It’s not always advisable to do this, you’ll get a bit of a flash as the page loads, but in certain situations where you’ve got a lot of repeated HTML it can really reduce your page weight and the SEO benefits of reducing all your repeated extraneous markup should be obvious.

17. Lazy load content for speed and SEO benefits

Another way to speed up your page loads and neaten up the HTML that search spiders see is to lazy load whole chunks of it using an AJAX request after the rest of the page has loaded. The user can get browsing right away and spiders only see the content you want them to index. We’ve used this technique on our own site. Those purple buttons at the top of the page drop down 3 forms, directions and a google map, which was doubling the size of our pages. So, we just put all that HTML in a static page and use the load() function to load it in once the DOM was ready. Like this…

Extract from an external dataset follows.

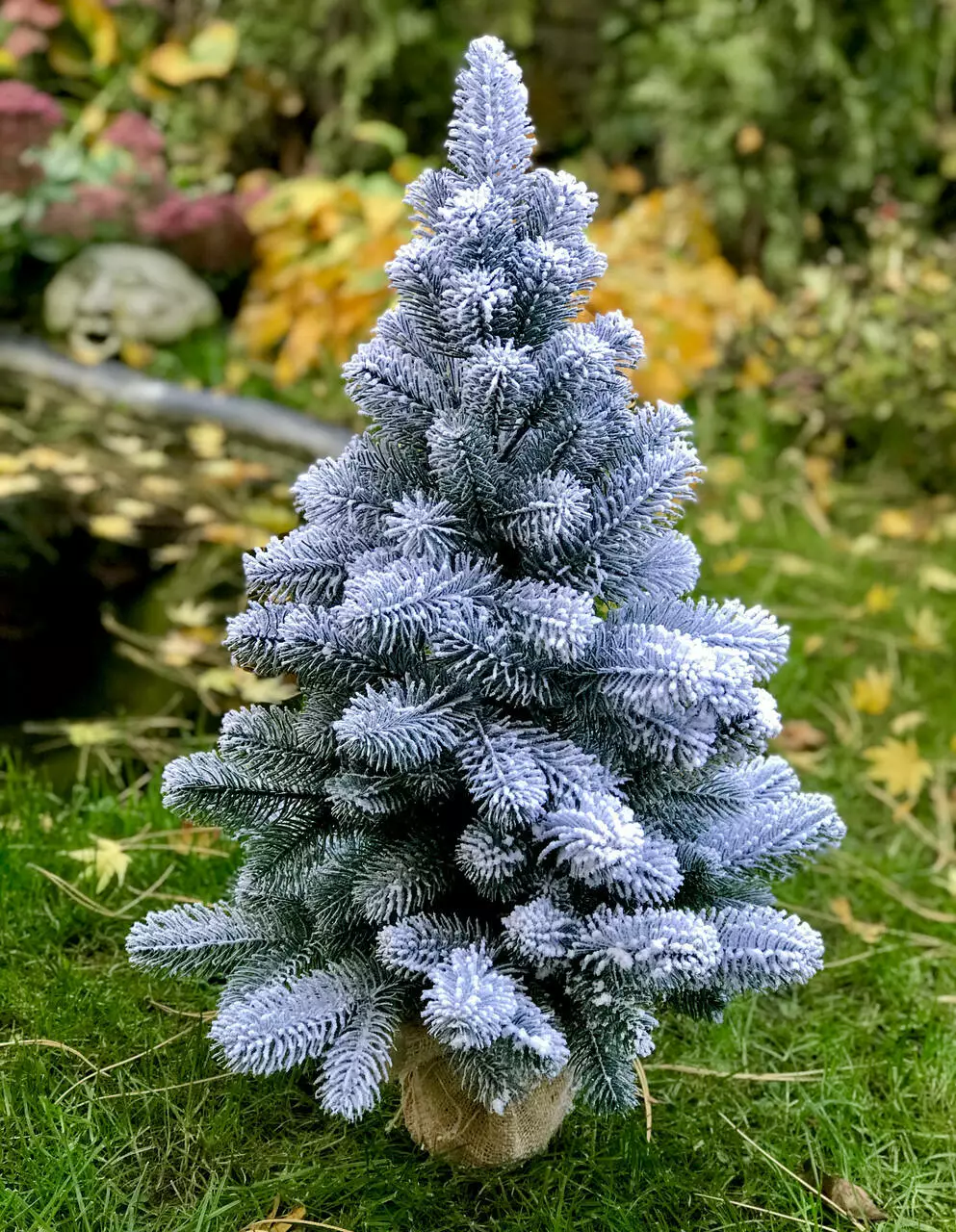 Ёлочка литая Premium в мешковине 70 см заснеженная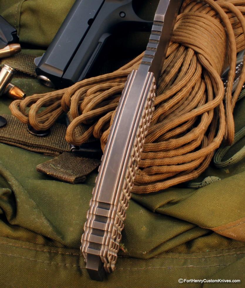 This Heavy Duty design has tons of potential, with Tim’s Deep Cut Texture Pattern G-10 Handle Scales, Hand Filling and very secure. This one also has an Exposed Hammer Poll Butt and Lanyard Hole.

$('#forms').load('content/headerForms.html', function() {
    // Code here runs once the content has loaded
    // Put all your event handlers etc. here.
});

I wouldn’t use this everywhere. You have to consider the trade offs here. You’re making extra requests to the server and portions of your page might not be available to the user right away, but used correctly it can be a great optimization technique.

18. Use jQuery’s utility functions

jQuery isn’t just about flash effects. The creator has exposed some really useful methods which fill a few gaps in JavaScript’s repertoire. http://docs.jquery.com/Utilities In particular, browser support for certain common array functions is patchy (IE7 doesn’t even have an indexOf() method!). Jquery has methods for iterating, filtering, cloning, merging and removing duplicates from Arrays. Other common functions that are difficult in Javascript include getting the selected item in a drop down list. In plain old JavaScript you’d have to get the <select> element using getElementByID, get the child elements as an array and iterate through them checking whether each one was selected or not. jQuery makes it easy…

$('#selectList').val();

It’s worth spending some time looking through the jQuery documentation on the main site and having a nose around some of the lesser known functions.

19. Use noconflict to rename the jquery object when using other frameworks

Most javascript frameworks make use of the $ symbol as a shorthand and this can cause clashes when trying to use more than one framework on the same page. Luckily there’s a simple solution. The .noconflict() function gives control of the $ back and allows you to set your own variable name, like this…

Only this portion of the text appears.